In All Auras Touch Mitchell considers the relationship between what we do and who we are. A picturing of the sitter’s ‘psyche’, the aura photograph, appears as an ethereal portrait awash in color and vigor. For Mitchell color is a means to connect what we feel as to perceive what we see Interested in interpretations of color, Mitchell uses aura photography as a visual device to conjure up the immaterial and often unseen/unrecognized. Through color, All Auras Touch questions how our work defines, expresses and connects us to a high standard of sub-conscious learning.
Privileging how we feel over what we do, the evolving installation makes each census occupation become indistinguishable from the other.
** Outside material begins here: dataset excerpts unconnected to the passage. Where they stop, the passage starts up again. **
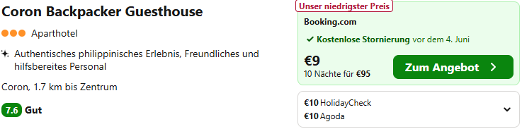Auf den Philippinen erwarten euch nicht nur paradiesische Strände und kristallklares Wasser, sondern auch jede Menge Abenteuer! Nichts wie hin! Wir haben einen tollen Deal fĂĽr Euch zusammengestellt. Zum gĂĽnstigen Preis von nur 625 € pro Person bekommt Ihr 12 Tage im 3* Coron Backpacker Guesthouse sowie den Hin- & RĂĽckflug auf die Philippinen. Möglich ist dies durch eine getrennte Buchung von Hotel und Flug. Â
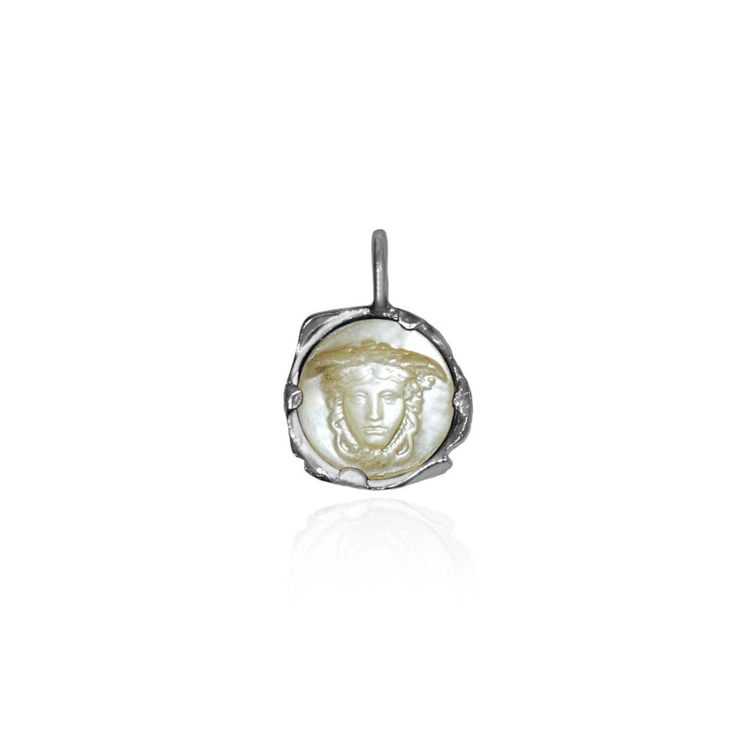HERMINA ATHENS - NEW - Medusa Cameo Pearl Charm - Silver
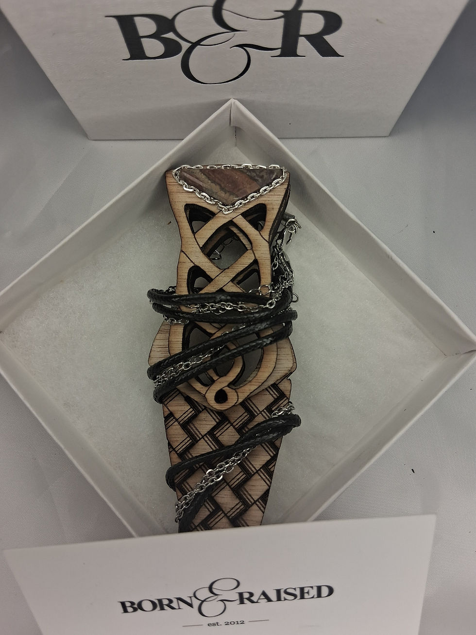 A Window to the heart of Ayrshire and Ayrshire blackknife pendant set. Elegant, charred scots pine scented display frame and customizable text plaque

Pixelated placeholders – an empirical representation of working Australia – are replaced by an empathetic imagining of the workforce. In an era where empathy is lacking in public discourse, All Auras Touch reminds us that we are all complex beings made up of the same matter.
Reko Rennie: REMEMBER ME (Until January 2021)
For almost two decades, Reko Rennie has made art that references his identity as a Kamilaroi man living and working in an urban environment. Working broadly across painting, sculpture, video, and installation and with a practice firmly grounded in the origins of street art and graffiti, Rennie’s signature style is one of high-key color and complex composition. His finely tuned visual language adapts the shapes and symbols of his Kamilaroi culture with Australian colonial history, interwoven with text and camouflage patterning.
Commissioned by Carriageworks, REMEMBER ME is one of Rennie’s most stripped-back, minimal installations to date. Spanning some 25 meters in length and 5 meters tall, this monumental work is both searing and tender. In the 250th year since Captain James Cook’s first landfall at Kamay Botany Bay and the HMB Endeavour’s charting of the east coast of Australia, Rennie has created a present-day memorial in recognition of the frontier wars, the massacres and the survival of the original sovereigns of this country – the Aboriginal people of Australia. He asks us to consider the personal impact of our past and how history is made today. This gives us an insight into indigenous culture and history in terms of the art which Rennie portrays.